Long-term Safety of Avelumab First-line Maintenance for Advanced UC

By Zachary Bessette - Last Updated: May 26, 2023

Post hoc analyses from JAVELN Bladder 100 that will be presented at the American Society of Clinical Oncology 2023 Annual Meeting shed light on the long-term safety profile of avelumab first-line maintenance for patients with advanced urothelial carcinoma (UC).

The phase 3 trial enrolled patients with advanced UC who had not progressed after first-line platinum-based chemotherapy. Results showed significantly prolonged overall survival and progression-free survival with avelumab first-line maintenance plus best supportive care (BSC) compared with BSC alone.

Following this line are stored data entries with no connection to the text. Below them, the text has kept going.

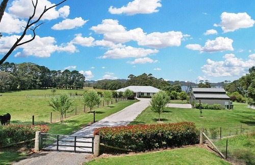 Elysium Cottage is new 2 Bedroom cottage on a 65 acre cattle property in Fitzroy Falls. The property overlooks the beautiful Fitzroy Falls Reservoir and is situated in a natural bushland setting and wildlife corridor. There are 2 bedrooms - 1 Queen Bed and the other is a Twin Room. The Cottage has an open-plan Living, Kitchen & Dining Area with wood fire heater. The bathroom is compact, sleek & modern. The cottage also has a verandah as well as private courtyard with bbq facilities. All the living & outdoor areas have views of the lake. Stylishly presented throughout with all the modern conveniences that you would expect for a country getaway. Although the Cottage is positioned 20 metres from the main house, your privacy is assured. Fitzroy Falls is only 15 minutes away from the main town centres of Moss Vale, Robertson & Bowral where you'll find plenty of cafes, pubs & boutique shops. The Morton National Park & the Falls themselves are a just a 5 minute drive from here.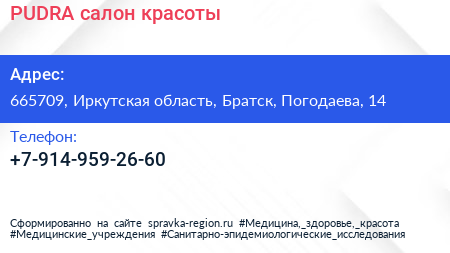 PUDRA, салон красоты по адресу 665709, Иркутская область, Братск, Погодаева, 14 в дальнейшем Организация, размещена в следующих категориях: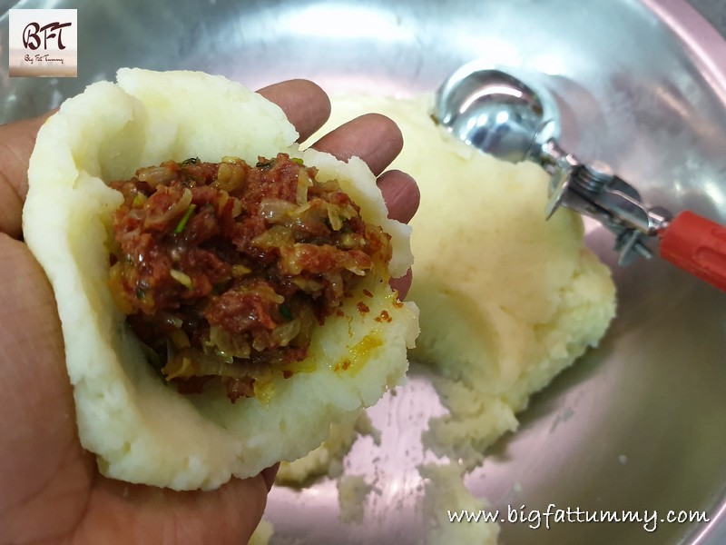 Step 7: Place a portion of the potato mash on your clean palm. Flatten it slightly and place 1 tbsp. of the corned beef filling in the center of the flattened mash. Then bring the edges together to completely cover the filling and shape it gently into a ball. Do this for all the portions.

Additionally, the safety profile of avelumab was consistent with prior avelumab monotherapy studies; no new safety signals were identified and no detrimental impact on quality of life was noted.

Joaquim Bellmunt, MD, PhD, and colleagues reported post hoc safety analyses in the avelumab-plus-BSC arm after a minimum of 2 years of follow-up. They noted that trial treatment continued until disease progression, unacceptable toxicity, or withdrawal of consent.

Median follow-up at data cutoff was 38 months. In the 344 patients who received at least 1 dose of avelumab, median treatment duration was 5.8 months and median number of infusions was 11.5.

Treatment-related adverse events (AEs) of any grade were reported in 269 patients, and 19.5% of patients experienced events grade 3 or higher. Forty patients had a treatment-related AE that led to treatment discontinuation.

Immune-related AEs of any grade occurred in 111 patients, and 7.6% of patients experienced events grade 3 or higher. Serious immune-related AEs occurred in 18 patients, of which immune-related nephritis or renal dysfunction was the most common. Twenty-one patients had an immune-related AE that led to treatment discontinuation.

Among the 118 patients treated with avelumab for at least 12 months, immune-related AEs occurred after 12 months in 27 patients, including grade 3 or higher events in 4.2% of patients. Immune-related rash was the most common immune-related AE of any grade after 12 months of treatment.

Researchers concluded that the acceptable long-term safety profile of avelumab first-line maintenance is confirmed. “These results further support the use of avelumab first-line maintenance until progression as standard of care for patients with advanced urothelial carcinoma without progression after first-line platinum-based chemotherapy,” they added.